Caching and Indexing

Adopting the caching and indexing strategies to optimize search performance, storing frequently accessed data in memory and maintaining a comprehensive index of web content. These techniques helps to deliver fast, accurate search results, even as the volume of data and user queries continues to grow. More information:

Design Pattern

Some of the common design patterns applicable to large scale distributed systems are:

Queue based load levelling pattern:

It introduces the queue between the task and service to prevent service being overloaded with messages and fail. This pattern useful for operations that don’t need to show immediate results. It increase throughput by processing a fixed number of operations at a time. Reject the request from user when resource utilization reach limit. This pattern uses a queue to manage the load on a system by smoothing out spikes in traffic. This pattern ensures that the system can handle bursts of load without becoming overwhelmed.

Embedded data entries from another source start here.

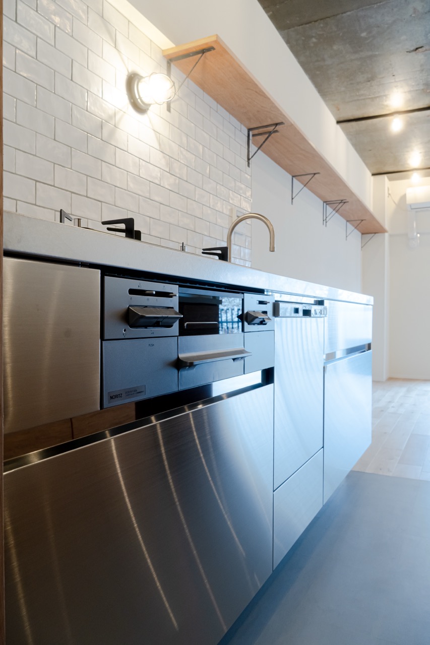 もともとリノベーション済の中古マンションにお住まいでしたが、「次は自分のこだわりでリノベーションしたい」という思いから、お話をいただきました。 釣りが趣味で、週末には友人を招いて魚を捌きながらホームパーティーを楽しみたいとのことで、キッチンには特に強いこだわりがありました。 また、帰宅後すぐに手を洗えるように廊下に洗面台を設け、お客様を迎える“顔”として見た目もかっこいい造作洗面を希望されていました。
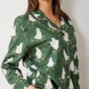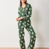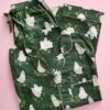 - Fit: Button-down top with relaxed fit that’s roomy and chic. Mid-rise pants with elastic waistband, adjustable drawstring, and 28″ inseam.
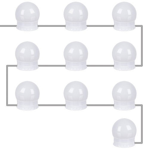 - SPECYFIKACJA: wygodny panel sterowania: tak, na przewodzie; możliwość przyklejenia do lustra: tak; barwa światła: ciepła, neutralna, zimna; materiał: PC, pozostałe: ABS + PVC + zestaw naklejek samoprzylepnych; odcienie światła: 3; poziomy intensywności: 11; łączna ilość trybów: 30; zasilanie USB; moc: 6W; napięcie: 5V; długość całkowita przewodu: 4,5 m (w tym przewód z lampkami 2,7m); regulowana długość przewodu pomiędzy lampkami: do 25cm; wymiary żarówki (szer/wys): 4,5 x 5 cm; waga: 0,15kg; waga w opakowaniu: 0,236kg.
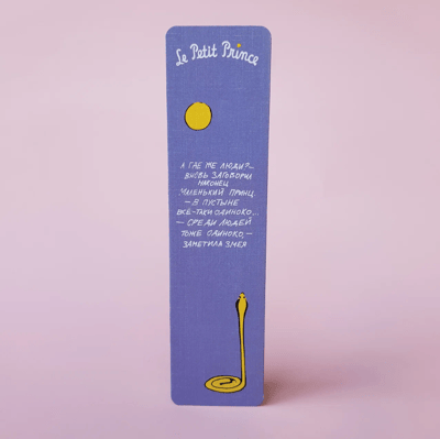 An elegant bookmark on designer cardboard is made in pastel colors, decorated with an illustration and a quote from everyone's favorite book, "The Little Prince".

// Represents a unit of work.
type Job struct {
    ID int
}

func worker(id int, jobs <-chan Job, wg *sync.WaitGroup) {
    defer wg.Done()
    for job := range jobs {
        fmt.Printf("Worker %d processing job %d\n", id, job.ID)
        time.Sleep(time.Second * time.Duration(rand.Intn(3)))
    }
}

func main() {
    const numWorkers = 3
    const numJobs = 10

    // Processes jobs from the jobs channel (buffered channel)
    jobs := make(chan Job, numJobs)
    var wg sync.WaitGroup

    // Start workers
    for i := 1; i <= numWorkers; i++ {
        wg.Add(1)
        go worker(i, jobs, &wg)
    }

    // Send jobs to the queue
    for j := 1; j <= numJobs; j++ {
        jobs <- Job{ID: j}    // Adds jobs to the channel. 
    }
    close(jobs).     // Closes the channel to signal no more jobs.

    // Wait for all workers to complete
    wg.Wait()
}

This implementation distributes jobs to workers, which process the jobs concurrently, ensuring balanced load handling.

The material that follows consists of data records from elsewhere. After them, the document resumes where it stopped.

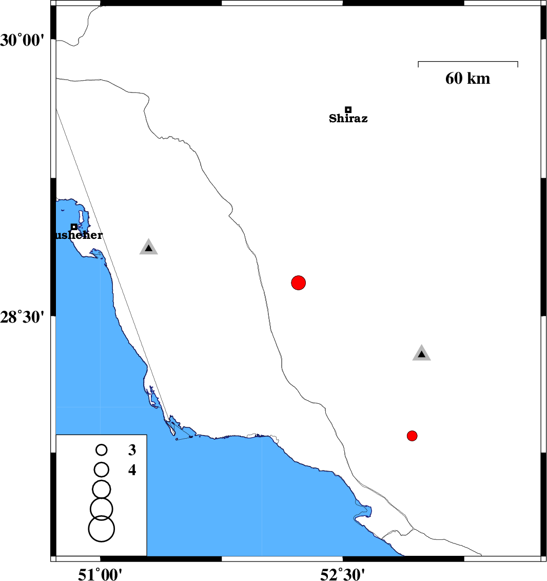 | 2016/04/08 | 07:57:21.3 | 12:27:21.3 | 27.842 | 52.928 | 17 | ML:2.8 | Fars Province, 33 km North of Mehr |
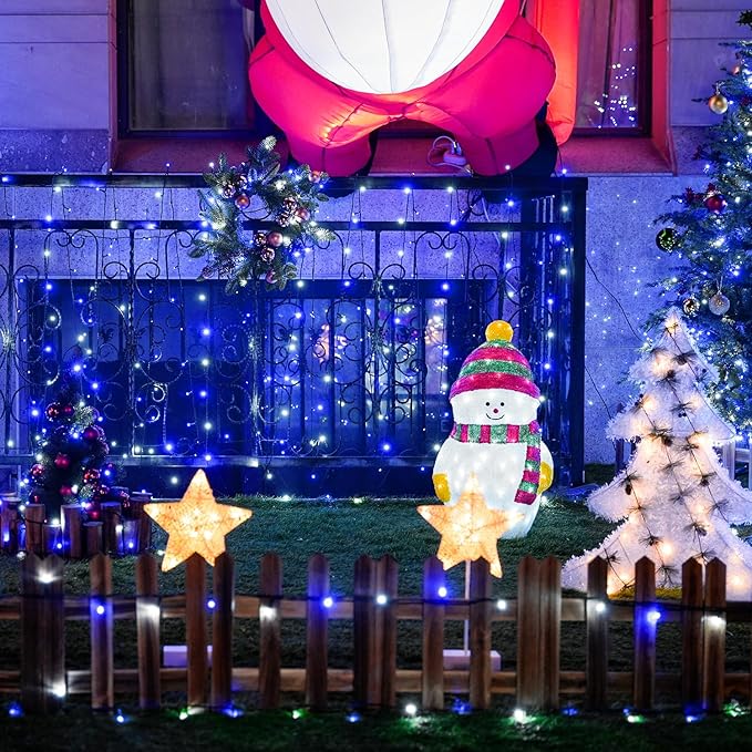- Waterproof and Reliable: Designed with an IP44 waterproof rating, our white and blue Christmas string lights can withstand rain showers (plug must be protected). Whether it's indoor or outdoor decoration, such as Christmas trees, patios, concerts, or hallways, these lights are the perfect choice. Ideal for Christmas, weddings, parties, or creating a cozy atmosphere in your home, bedroom, garden, or balcony.
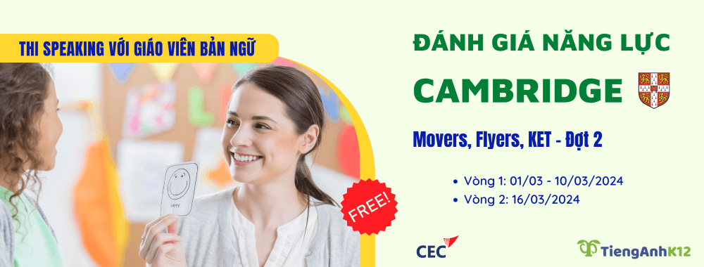 Nhằm giúp các em học sinh đánh giá trình độ tiếng Anh theo khung đánh giá tiếng Anh chuẩn Quốc tế cũng như làm quen với kỳ thi Cambridge, TiengAnhK12 phối hợp với CEC - Hội đồng Anh ngữ Canada - tổ chức kỳ thi thử Cambrige Movers, Flyers, KET miễn phí, đánh giá 04 kỹ năng Nghe, Nói, Đọc, Viết.

2. Command Query Responsibility segregation(CQRS):

Separate update as command and read operation as query for datastore. It aggregate multiple read request into single command. A pattern for maximizing performance, scalability, and security. It uses the event sourcing pattern where application state stored as a sequence of events. Each event update the data from current state by replaying events. CQRS separates the read and write operations for a data store. In Go, you can implement CQRS by defining separate command and query handlers.

package main

import (
    "fmt"
    "sync"
)

// CommandHandler for handling write operations
type CommandHandler struct {
    mu    sync.Mutex
    store map[int]string
}

func (ch *CommandHandler) Create(id int, value string) {
    ch.mu.Lock()
    defer ch.mu.Unlock()
    ch.store[id] = value
}

// QueryHandler for handling read operations
type QueryHandler struct {
    store map[int]string
}

func (qh *QueryHandler) Get(id int) (string, bool) {
    value, ok := qh.store[id]
    return value, ok
}

func main() {
    store := make(map[int]string)

    // Initialize handlers
    commandHandler := CommandHandler{store: store}
    queryHandler := QueryHandler{store: store}

    // Execute commands
    commandHandler.Create(1, "item1")
    commandHandler.Create(2, "item2")

    // Execute queries
    if value, ok := queryHandler.Get(1); ok {
        fmt.Println("Item 1:", value)
    }

    if value, ok := queryHandler.Get(2); ok {
        fmt.Println("Item 2:", value)
    }
}

3. Asynchronous Request and Reply:

With every request there is a response associated. Every http request by client looks for responses before the flow completes. This may result in additional latency in case some task being long running, that block other task waiting for resources. This can be handled by having separate end point for request and response/status. A simple exmple where we simulate the asynchronous messaging service using channels.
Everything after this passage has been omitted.